The implication being: _you’re a person I can share things with. Not my family, not the press, who get only canned and pre-arranged stories._ Carrie can tell even the good stories shared in the Washington Post and on local news are prepared ahead of time, edited slightly to make himself look better, alternately heroic or relatable depending on who he’s talking to. He doesn’t mention the horror; there’s nothing to gain from it. Her entire job consists of weaving fake identities of her own, and she’s really fucking good at it, but even she couldn’t have fabricated the spontaneity and pure joy she saw tonight in the rain.

Brody thought he was going to a support group meeting, so of course he was prepared to share his feelings, but still, it feels like more than that. She knows it was more than that. She keeps replaying their conversation in the parking lot, the roll of thunder so deliciously ominous, ignoring the faint whisper from her better judgement that she’s about to make a giant fucking mess. 

_How come it’s so hard to talk with anyone who wasn’t there about anything at all?_

She hadn’t planned on being so honest; she’d really just orchestrated the meeting to remind Brody that the CIA hadn’t forgotten about him. But in the months since she was ordered home from Iraq, she’s found it harder to hold ordinary conversations, the kind of ego-puffing small talk she’s great at when she’s in the field, but falls apart when she’s around people who know her, who expect her to be consistent from day to day. Her only solace, really, is in the flings she has with desperate men from whichever jazz bar she’s at that night, where she can find white noise in the long, shuddering orgasms she just can’t give herself.

She usually prefers the nights when she doesn’t have to be a benched intelligence officer returning from her second tour in a war zone, or with her family, a benched intelligence officer returning from war who might have a manic episode at any moment. But tonight, she felt a real connection for the first time in years, a shift of a degree or two, finally settling the balance she’d spent her twenties searching for. It was exactly what she could never explain to her exes or to Maggie, who always thought she was being too picky, looking for excuses to end relationships when the guys didn’t have enough to offer. 

Carrie still can’t justify it, but now she knows that ineffable quality exists, a mixture of deep recognition and a little bit of danger, the electricity of two people finally falling into each other after being kept apart for so long.

She tosses and turns in bed that night, her apartment too quiet and empty, missing the reassurance that she could check in on the Brody family whenever she wanted, an exceedingly strange comfort that she will mention to exactly no one, not even Virgil. 

She’s lived alone her whole adult life, her dad paying the security deposit and first month’s rent on her very first one-bedroom apartment as a combination graduation and congrats-on-being-hired-by-the-CIA present.
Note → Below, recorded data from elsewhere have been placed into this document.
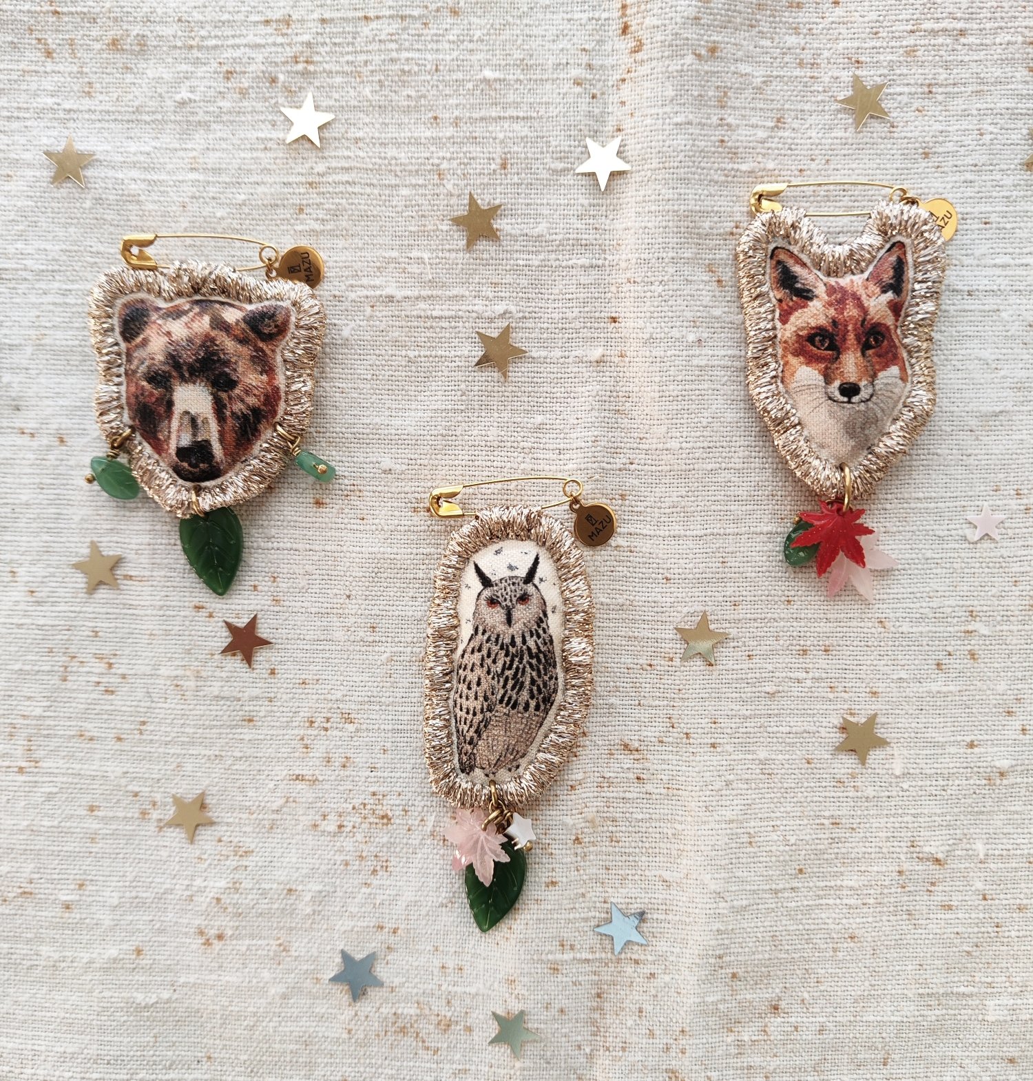 Le spille Foresta Incantata π³ β¨ fanno parte dell'omonima collezione. Sono i miei disegni trasferiti su tela da pittura, ritoccati con i colori scintillanti per la stoffa, rifiniti con il filo dorato DMC e cuciti alla spilla da balia color oro.
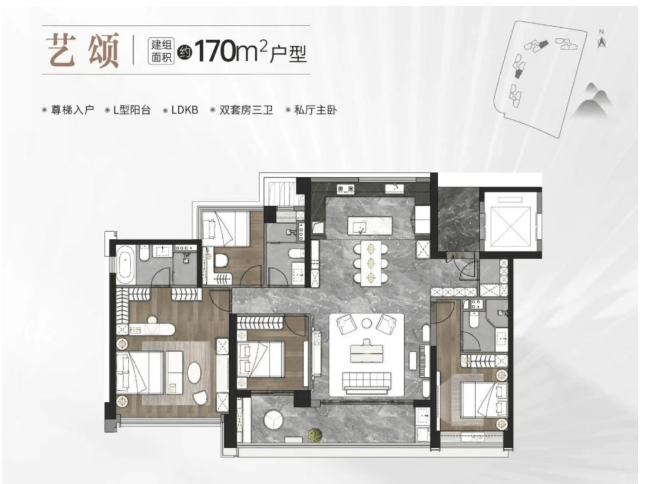 中海麓府提供三种户型选择,分别是建面约126㎡三房、143㎡和170㎡的四房。每个户型均经过精心设计,注重空间的有效利用和居住舒适度。例如,126㎡户型采用尊梯入户设计,配备阔幕阳台、LDKB一体化空间等功能;170㎡户型则拥有双套房三卫设计,私厅主卧保证了主人的私密性和尊贵感。
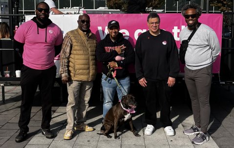 Pictured At the Making Strides Against Breast Cancer Walk on Sunday, October 19 (L to R): Newark City Council President Larry Crump – whose mother, Mildred Crump, was a Newark City Council member and SPAA alumna (EMPA'09), Tayden Judge (MPA'16), James Blaney (EMPA'10), and Aaron Gibbs, Rutgers SPAA.
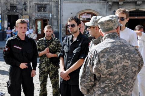 Згодом на підмогу матусям підходять браві парубки з Правого сектору підтримати правопорядок.
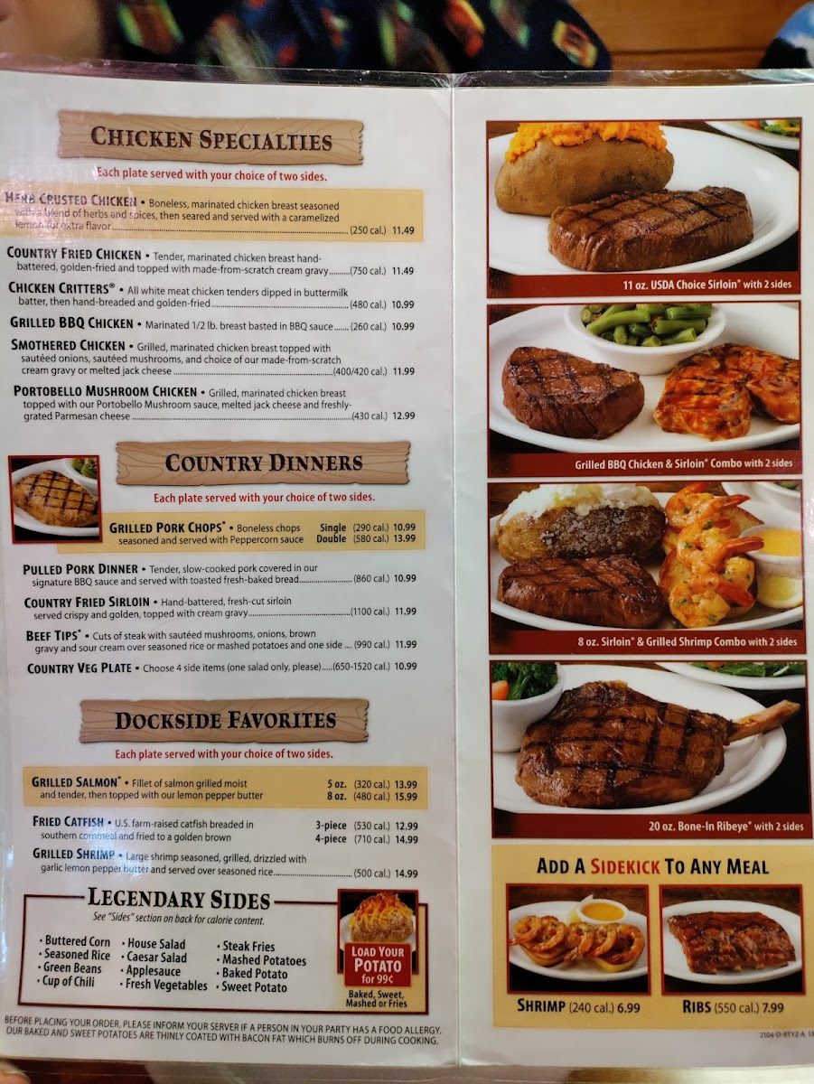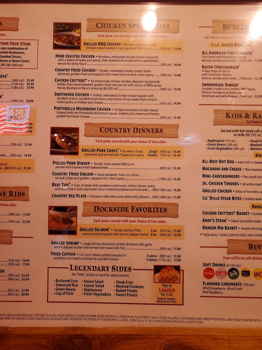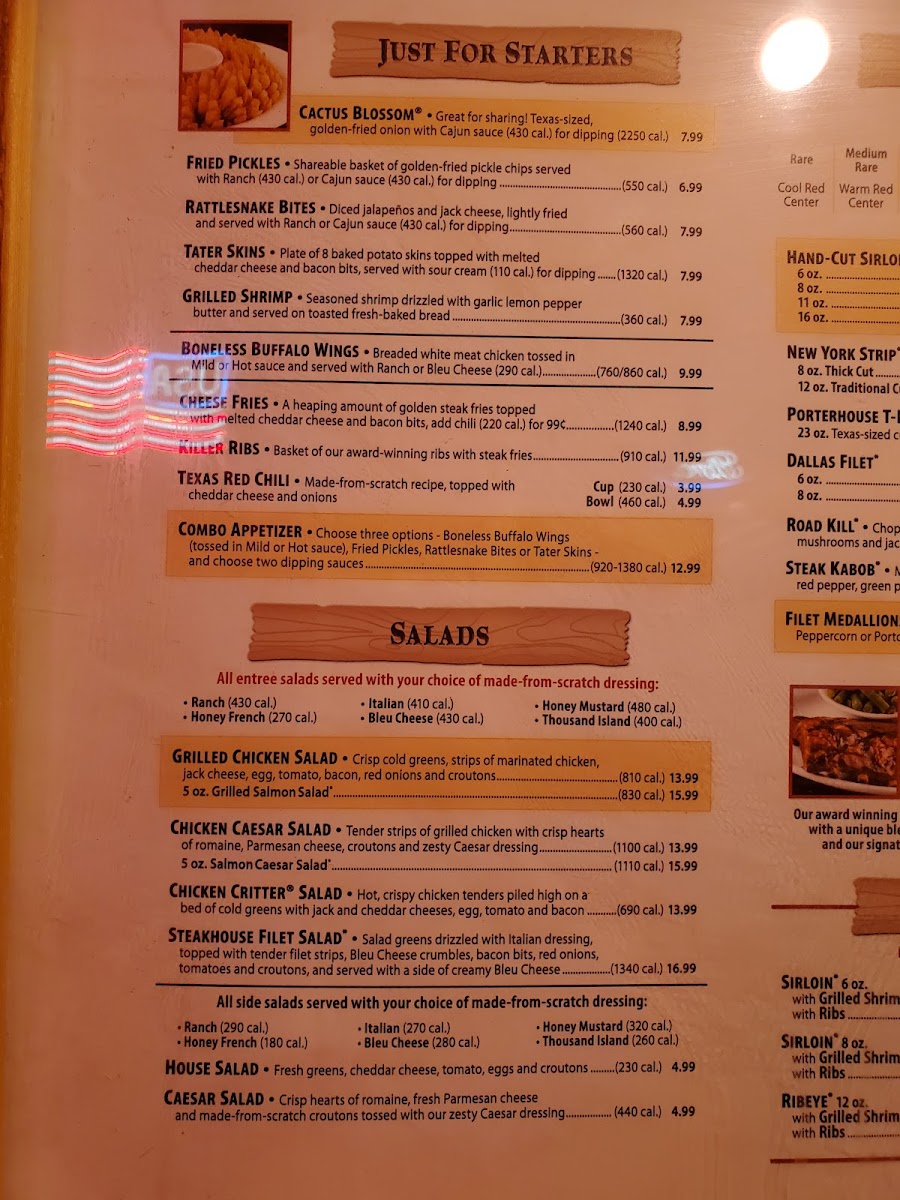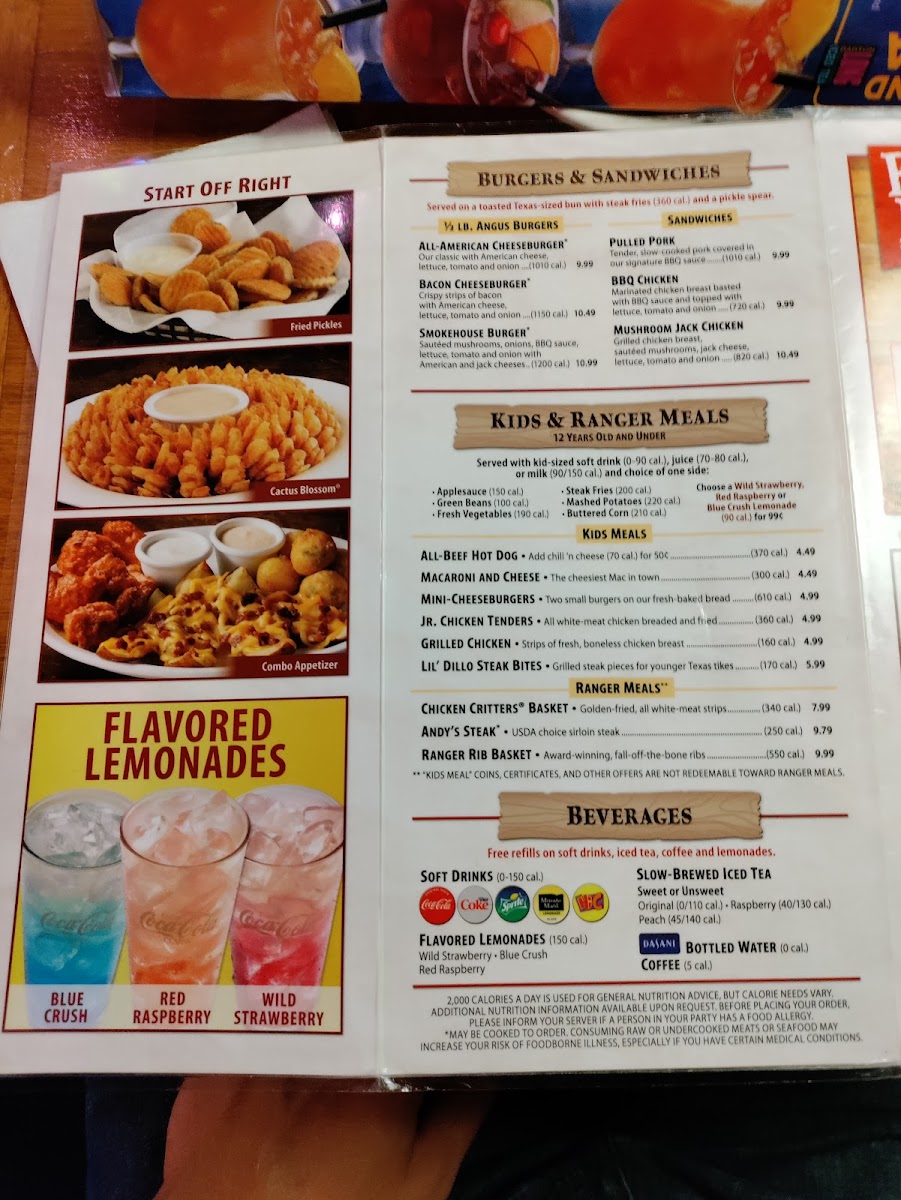 Start your meal with shareable appetizers like the Cactus Blossom®, a golden-fried onion served with Cajun sauce, or a basket of Fried Pickles, perfect for pulling together with friends or family. For the main course, hand-cut steaks such as the lean Sirloin, tender Dallas Filet, or juicy Ft. Worth Ribeye are served alongside your choice of two sides, making them a reliable choice for an evening out or a special weekend dinner.
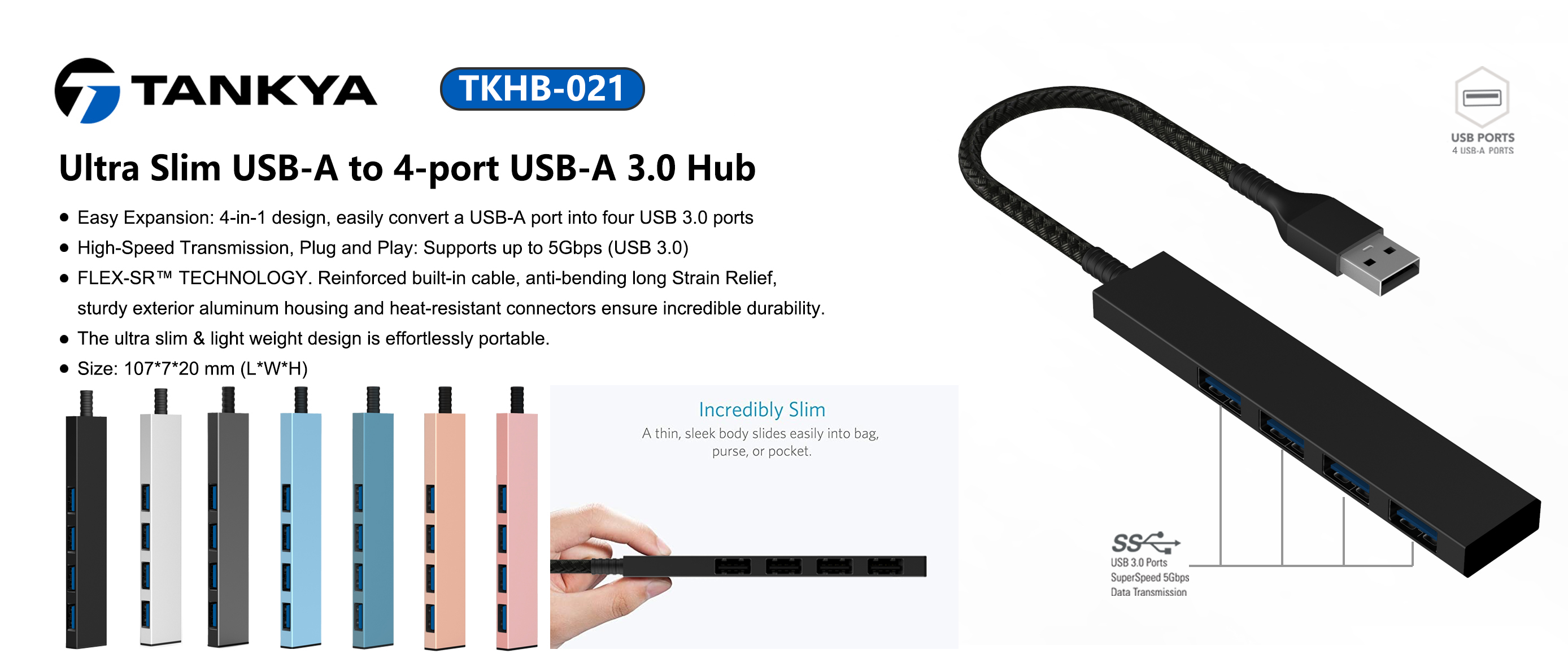 - Easy Expansion: 4-in-1 design, easily convert a USB-A port into four USB 3.0 ports

Maggie was pissed because Carrie’s rent was double her own in West Philly, so even though they received identical college graduation gifts (wrapped in sorry-your-mother-left-you guilt), Carrie technically got the better deal. Carrie always liked living by herself, loved the freedom to spread out and be her whole manic self when the situation demanded it, without anyone to make her justify where she’s going and what she’s doing and with whom. Her current apartment is a step up from her first, bigger than she needs but rented in a huff when she was unceremoniously shipped back from Baghdad. 

Tonight is the first time it feels too big. She usually doesn’t even realize the silence, her own internal monologue creating enough noise, but now she’s thinking about the chatter she always heard in the Brody house, the activity of a family, and she can’t get it out of her head. She can’t stop imagining Brody climbing into bed next to her, his lips on her neck and his hands working their way underneath her shirt.

+++++

Winter 2015, Berlin, Germany

Carrie and Jonas talk about marriage exactly once during their two-year relationship. It’s not even a conversation, really, it’s a quiet dare from Jonas, made after they get home from the ostentatious Düring Foundation holiday party. The inciting incident was the twenty interminable minutes during which they were forced to listen to their publicity manager Katherine’s in-depth plans for her New Year’s Day destination wedding that no one in the office was invited to. Jonas smiled politely the whole time, as always, but Carrie could see his eyebrows rising higher and higher towards his hairline. She tried to cut Katherine off — she used to redirect conversations for a living, after all — but without success, the almost-bride clearly not listening to anything Carrie said. 

“What about you two?” She ended her monologue in the worst possible way, looking at Carrie and Jonas expectantly. “Is marriage coming anytime soon?”

It wasn’t surprising, really, considering they’re both in their mid-thirties and have been together for more than a year; Carrie understood how it looked from the outside. But still, what a rude fucking question. She laughed it off with a bit of effort, her knuckles white from clutching her wine glass too hard. 

“No plans at the moment!” she responded brightly, with a practiced but sunny smile on her face. She was torn between wanting Katherine to leave, and trying to avoid being alone with Jonas in the palpably awkward aftermath. Otto had asked similar nosy questions recently, but never to her and Jonas at the same time, putting the burden of explanation on both of them at once to say, _We’ve been aggressively avoiding that discussion._ Luckily, a drunk Laura joined them just then, rambling about Germany’s hidden surveillance of civilians, too far gone to pick a party-appropriate topic of conversation.

Jonas is quiet on the cab ride home, but he keeps his hand on her thigh, his thumb tracing slow patterns. Jonas is endlessly frustrating because sometimes he’s so easy to read and sometimes she has no earthly idea what he’s thinking; right now, it’s the latter. Once they’re home, he waits until Carrie is busy brushing her teeth to ask:

“So have you ever thought about it? Getting married?” 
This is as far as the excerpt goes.